ANyway, If it matters, the GFF formated genome I'm wallowing in these
days from Flybase (dmel r5.1) presents their FlyBase IDs in the ID
attribute, like this:
4 FlyBase gene 24068 25621 . + .
ID=FBgn0040037;Name=CG17923;Dbxref=FlyBase:FBan0017923,FlyBase_Annotatio
n_IDs:CG17923...
4 FlyBase mRNA 24068 25621 . + .
ID=FBtr0089155;Name=CG17923-RA;Parent=FBgn0040037;Dbxref=FlyBase_Annotat
ion_IDs:CG17923-RA;
4 FlyBase exon 24068 24477 . + .
ID=CG17923:1;Name=CG17923:1;Parent=FBtr0089155
Switching to using 'Name' might work OK for my application. I'll look
into it. It winds up being the same as the ID in some cases anyway....
Malcolm Cook
________________________________
From: lincoln.stein at gmail.com [mailto:lincoln.stein at gmail.com]

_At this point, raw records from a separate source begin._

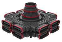 The ventilation distribution box (8×F) – commonly found in HEATPEX ARIA CONNECT systems – is an 8-port air distribution manifold used in mechanical ventilation with heat recovery (MVHR/ERV) installations. It allows connection of eight branch ducts (e.g., Ø 90 mm) to a central ventilation unit, distributing supply or exhaust air throughout a building with high airtightness and tool-free OneClick® connections.
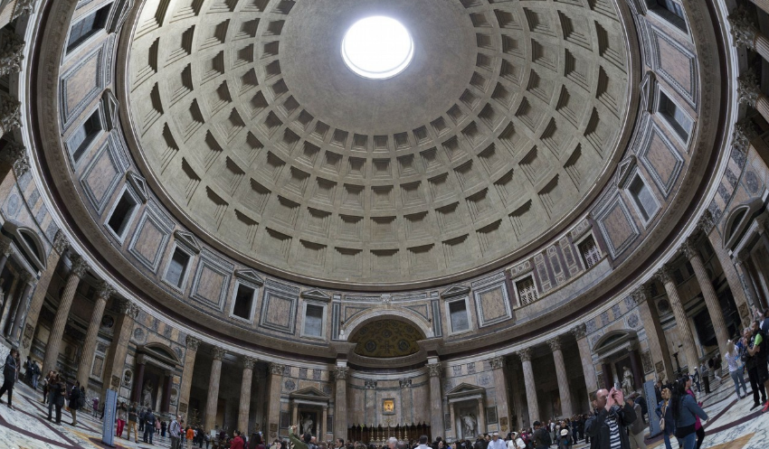 萬(wàn)神殿下半部為空心圓柱形,從高度一半的地方開(kāi)始,上半部為半球形的穹頂。 萬(wàn)神殿的基礎(chǔ)部分底部寬7.3米,墻和穹頂?shù)撞亢襁_(dá)6米,穹頂頂部厚1.5米。為了減輕穹頂?shù)闹亓?,建筑師巧妙地在穹頂?nèi)表面作了28個(gè)凹格,分成5排,同時(shí),在墻上有門(mén)的的前提下還開(kāi)了7個(gè)凹室作為祭龕,這些祭龕里原來(lái)放的可能是神像,一些名人的墓穴。
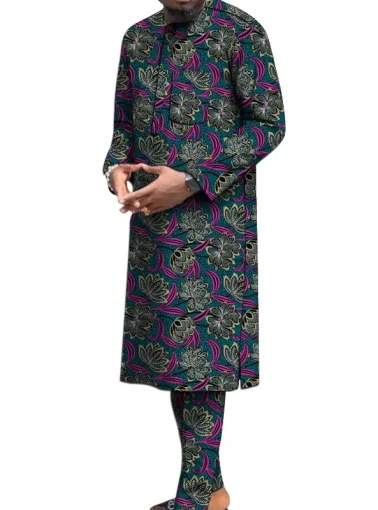 Customized African Wax Men’s set Print Long Shirt With Trouser Party Suit Wedding Wear Guaranteed Original outfits
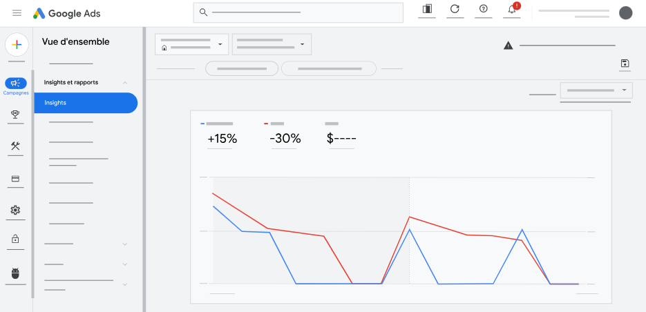 Voici l’emplacement de la page “insight” sur Google Ads :
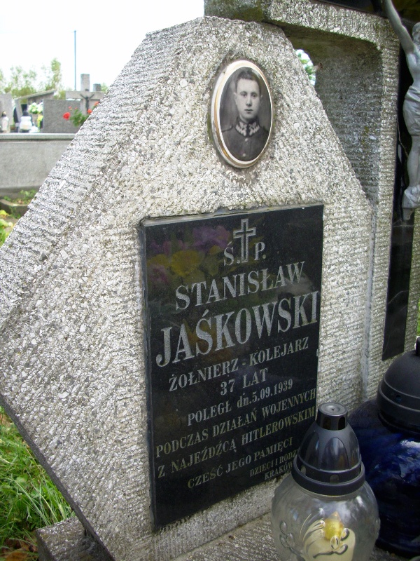 Kwatera składa się z dwóch nagrobków. Grób Stanisława Jaśkowskiego jest obramowany i nakryty lastrykową płytą. U wezgłowia mogiły znajdują się: kwietnik, krzyż z figurą Chrystusa oraz sześciokątna stela ze zdjęciem poległego. Na steli umieszczona jest tablica memoratywna z napisem: „Ś.†P./ STANISŁAW JAŚKOWSKI/ ŻOŁNIERZ – KOLEJARZ/ 37 LAT/ POLEGŁ dn. 5.09.1939/ PODCZAS DZIAŁAŃ WOJENNYCH/ Z NAJEŹDŹCĄ HITLEROWSKIM/ CZEŚĆ JEGO PAMIĘCI/ DZIECI I RODZINA/ KRAKÓW”.
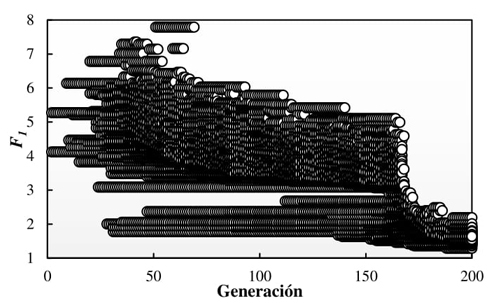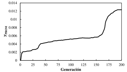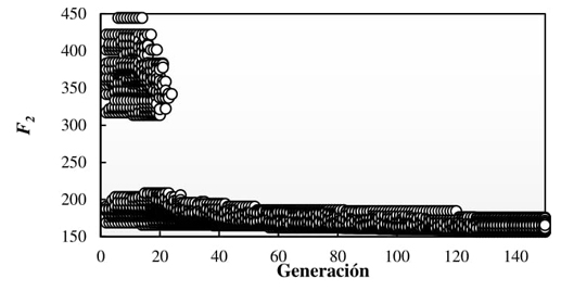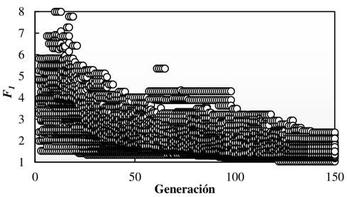 Este modelo corresponde a un edificio con 31.5 metros de altura, y cuenta con tres tipos de secciones para cada elemento estructural (trabes, columnas y CRP) como se muestra en la Tabla 4; es decir, está compuesta por 9 variables. Para llevar a cabo la metodología propuesta basada en la técnica de optimización NSGA-II, se estableció utilizar un total de 150 generaciones compuestas por 200 individuos. El comportamiento del algoritmo depende principalmente de F 1 , debido a que su función es encontrar las estructuras más ligeras que cumplan con los criterios de diseño por desplazamiento y daño. Mediante el proceso de cruzamiento y mutación se espera que, con el paso de las generaciones, ambas funciones objetivo vayan disminuyendo hasta encontrar las soluciones óptimas. Las Figuras 5 y 6 muestran la evolución de F 1 y F 2 se observa que al inicio existen valores muy elevados, ya que la mayoría de los individuos se encuentran penalizados. De igual manera, con el paso de las generaciones se espera que el promedio de las distorsiones máximas de entrepiso (γ PROM ) vaya aumentando, aproximándose al límite permisible (0.02). La Figura 7 grafica el comportamiento de una corrida del algoritmo para el modelo CR-CRP9, donde se aprecia que se cumple lo mencionado anteriormente. Al inicio del algoritmo γ PROM obtiene un valor de 0 ya que todos los individuos creados están penalizados mediante la función P con , y siendo individuos no viables constructivamente, se omite el análisis estructural. En las primeras 50 generaciones el algoritmo encuentra la combinación de secciones transversales con mayor probabilidad de cumplir con los criterios de resistencia, las cuales corresponden a secciones robustas y con grandes cantidades de acero, conformando estructuras sobradas en términos de costo, resistencia y desplazamientos. Con el paso de las generaciones, el algoritmo va descubriendo secciones cada vez más ligeras y con menor cantidad de acero de refuerzo, lo que resulta en estructuras más livianas y con desplazamientos mayores. Sin embargo, dichas estructuras mantienen su seguridad y economía.
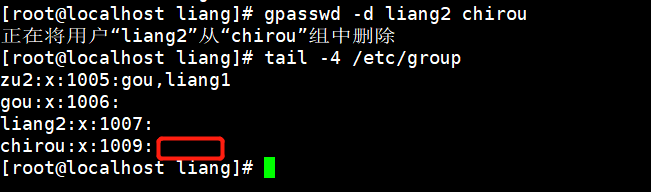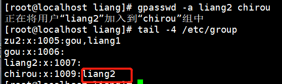 選項說明-a添加用戶到組-d從組中刪除用戶-A指定用戶管理員-M指定組成員和-A差不多-r刪除密碼-R限制用戶登入組,只有組中成員才可以用newgrp加入該組4.3.1 示例:
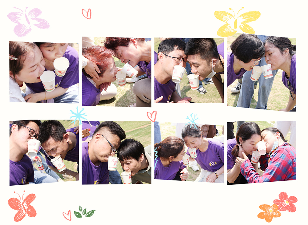 “蒙眼互打、纸杯传水、桃花朵朵开、词语接龙”等同舟共济趣味游戏,体验和小伙伴们在一起时合作的力量与温暖,团结就是力量!
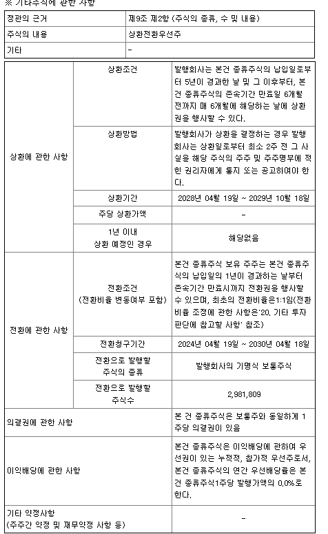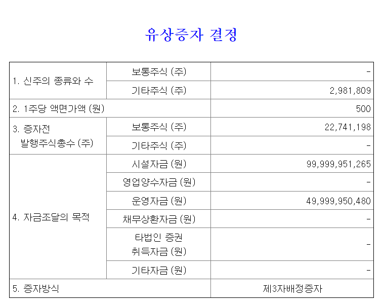 증자방식은 5번 증자방식에서 '제3자배정증자'라는 걸 알 수 있다.
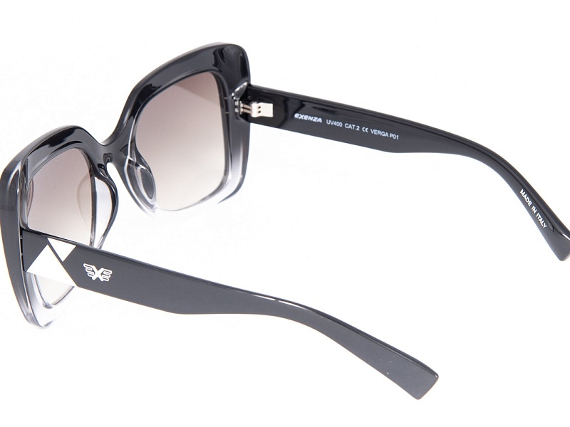 VERGA P01 — это очки для современной женщины, которая ценит смелый стиль с экстравагантными деталями. Полупрозрачная чёрно-дымчатая оправа с омбре-эффектом, золотистыми стразами, белыми геометрическими акцентами и итальянским мастерством создают очки, которые будут привлекать внимание своей роскошью и современностью. Это очки для женщин, которые знают, что истинный стиль — это смелое выражение себя через детали и геометрию.
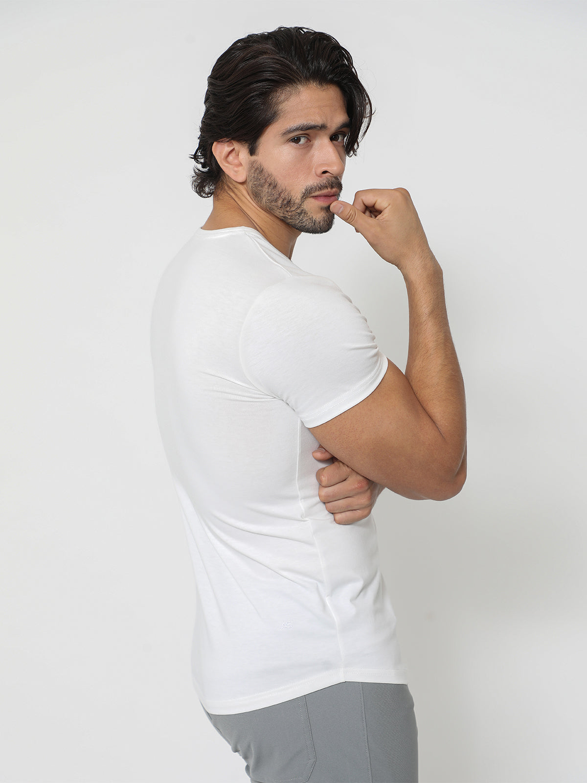 Muscle Fit V-Neck Long Sleeve Cotton Rib Knit Tech T-Shirt
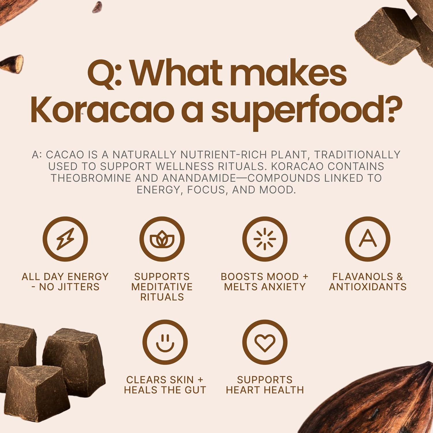KORACAO Sustainably Harvested Cacao | Ideal Superfood for Everyday Bliss | Ceremonial Grade Cacao | Enhance Your Spiritual Journey with Ancient Superfood Delight - 1 Pound
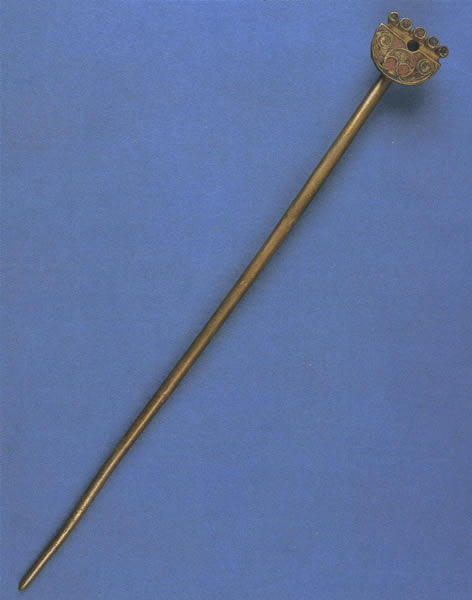 頂部の半球形に三つのペルタ文を組み合わせ、地に赤エマーユを施す側面も赤エマーユの地に魚の骨文、指の先にも赤エマーユを充填している。ハンドピンは初期中世のアイルランドとブリテン島独特の形式である。7世紀まで制作され、その後は他の形式に取って代わられた。出所:「古代ヨーロッパの至宝-ゲルト美術展1998」

On Behalf Of Lincoln Stein
Sent: Tuesday, January 30, 2007 4:46 PM
To: Cook, Malcolm
Cc: bioperl list; lstein at cshl.org
Subject: Re: Bio::DB::SeqFeature treamtent of tags and
annotations
I've fixed the first issue in CVS. Sorry for the inconsistency.
add_tag_value(), delete_tag_value() and get_Annotations() now all work
as expected.
The problem with the ID column is that it is supposed to be
LOCAL to the GFF3 file and is not intended to be stored in the database.
In contrast, Name can survive roundtripping. Perhaps the thing to do is
to add a flag to the GFF3 file that turns on ID round-tripping, e.g.
##round-trip-ids: 1
If you like this idea, I can implement it.
Lincoln
On 1/29/07, Cook, Malcolm < MEC at stowers-institute.org
<mailto:MEC at stowers-institute.org> > wrote:
Lincoln,
Thanks for your suggestions on approach to my problems
augmenting Flybase annotation. I am trying to follow them and finding
the following oddities
The first issue relates to the intermix of 'annotations'
and 'tag values'. I find that Bio::DB::SeqFeature implements some of
the 'tag' methods and some of the 'Annotation' methods. Here is a perl
one-liner that shows values stored using add_tag_value are not retreived
with get_tag_values, but rather with get_Annotations.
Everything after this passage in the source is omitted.